I merged #55 for now as that one is easier to reason about, but hope to merge #56 as well

from mode.

jbooth-mastery avatar jbooth-mastery commented on August 27, 2024

Also broken on: 3.8.0, using just the builtin examples, on master:

jbooth@m /home/jbooth/oss/mode (master) $ python examples/tutorial.py
[2020-01-02 10:54:16,276] [16560] [INFO] [^Worker]: Starting... 
[2020-01-02 10:54:16,276] [16560] [INFO] [^-App]: Starting... 
[2020-01-02 10:54:16,333] [16560] [WARNING] WRITING GRAPH TO image.png 
[2020-01-02 10:54:16,354] [16560] [INFO] [^--Websockets]: Starting... 
[2020-01-02 10:54:16,354] [16560] [WARNING] STARTING WEBSOCKET SERVER 
[2020-01-02 10:54:16,354] [16560] [INFO] [^--Webserver]: Starting... 
[2020-01-02 10:54:16,355] [16560] [WARNING] examples/tutorial.py:53: DeprecationWarning: Application.make_handler(...) is deprecated, use AppRunner API instead
  handler = self._handler = self._app.make_handler() 
[2020-01-02 10:54:16,356] [16560] [INFO] [^--Webserver]: Serving on port 8000 
[2020-01-02 10:54:17,357] [16560] [INFO] [^--UserCache]: Starting... 
^C-INT- -INT- -INT- -INT- -INT- -INT-
[2020-01-02 10:54:25,363] [16560] [INFO] [^Worker]: Signal received: Signals.SIGINT (2) 
[2020-01-02 10:54:25,364] [16560] [INFO] [^Worker]: Stopping... 
[2020-01-02 10:54:25,364] [16560] [INFO] [^-App]: Stopping... 
[2020-01-02 10:54:25,365] [16560] [INFO] [^--UserCache]: Stopping... 
[2020-01-02 10:54:25,366] [16560] [INFO] [^--Webserver]: Stopping... 
[2020-01-02 10:54:25,372] [16560] [INFO] [^--Webserver]: Closing server 
[2020-01-02 10:54:25,372] [16560] [INFO] [^--Webserver]: Waiting for server to close handle 
[2020-01-02 10:54:25,373] [16560] [INFO] [^--Webserver]: Shutting down web application 
[2020-01-02 10:54:25,373] [16560] [INFO] [^--Webserver]: Waiting for handler to shut down 
[2020-01-02 10:54:25,374] [16560] [INFO] [^--Webserver]: Cleanup 
^C-INT- -INT- -INT- -INT- -INT- -INT-
[2020-01-02 10:55:17,589] [16560] [INFO] [^--Websockets]: Stopping... 
[2020-01-02 10:55:17,589] [16560] [INFO] [^Worker]: Gathering service tasks... 
[2020-01-02 10:55:17,589] [16560] [INFO] [^Worker]: Gathering all futures... 
[2020-01-02 10:55:18,591] [16560] [INFO] [^Worker]: Closing event loop 
^CException ignored in: <module 'threading' from '/home/jbooth/.asdf/installs/python/3.8.0/lib/python3.8/threading.py'>
Traceback (most recent call last):
  File "/home/jbooth/.asdf/installs/python/3.8.0/lib/python3.8/threading.py", line 1388, in _shutdown
    lock.acquire()
KeyboardInterrupt: 
jbooth@m /home/jbooth/oss/mode (master) $ 

from mode.

jbooth-mastery avatar jbooth-mastery commented on August 27, 2024

Also broken in python 3.6.9, but it exits fine in python 3.6.3. Aha!

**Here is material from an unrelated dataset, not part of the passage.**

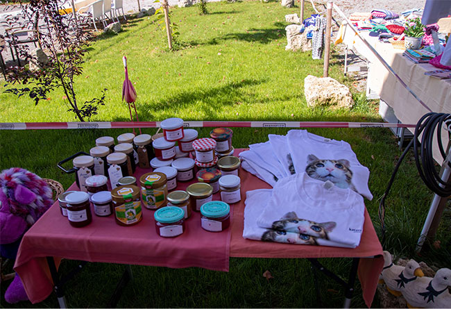 Zur selben Zeit herrscht noch Ruhe im Gnadenhof, erst um 06:30 Uhr melden sich hungrige Mäuler und warten auf ihr Frühstück. Irgendwie merkt man den Miezen an, dass auch für sie heute ein besonderer Termin ansteht. Nala putzt eifrig ihr Fell, sogar Fritzi bleibt kurz wach. Viele fleißige Hände sind da, bauen Stände auf, richten die Kuchentheke, überall wird bei bester Stimmung gearbeitet und geputzt. Unserer „Katzenfinderinnen“ versuchen, alle Katzen schon mal ausfindig zu machen, auch wenn sich die meisten bestimmt gleich wieder andere Plätze suchen.
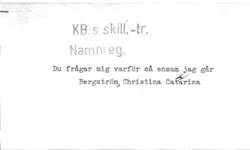 //// KB:s //// Navan eg. //// Du frågar mig varför så ensam jag går m, //// BergströChristina Ca=tina ////

Going to trace that down to a single python version.

from mode.

jbooth-mastery avatar jbooth-mastery commented on August 27, 2024

3.6.6 passes. 3.6.7 fails, requiring two ctrl-C's. 3.6.7 passes if I let it sit and idle long enough before the ctrl-C?

3.6.7 is heisenbug. Sometimes ctrl-C exits cleanly. Sometimes not. This is true back to at least 3.6.3.

from mode.

jbooth-mastery avatar jbooth-mastery commented on August 27, 2024

Okay, having walked away in the middle of a test, here's what I've learned: there's two branch points for what looks like failure.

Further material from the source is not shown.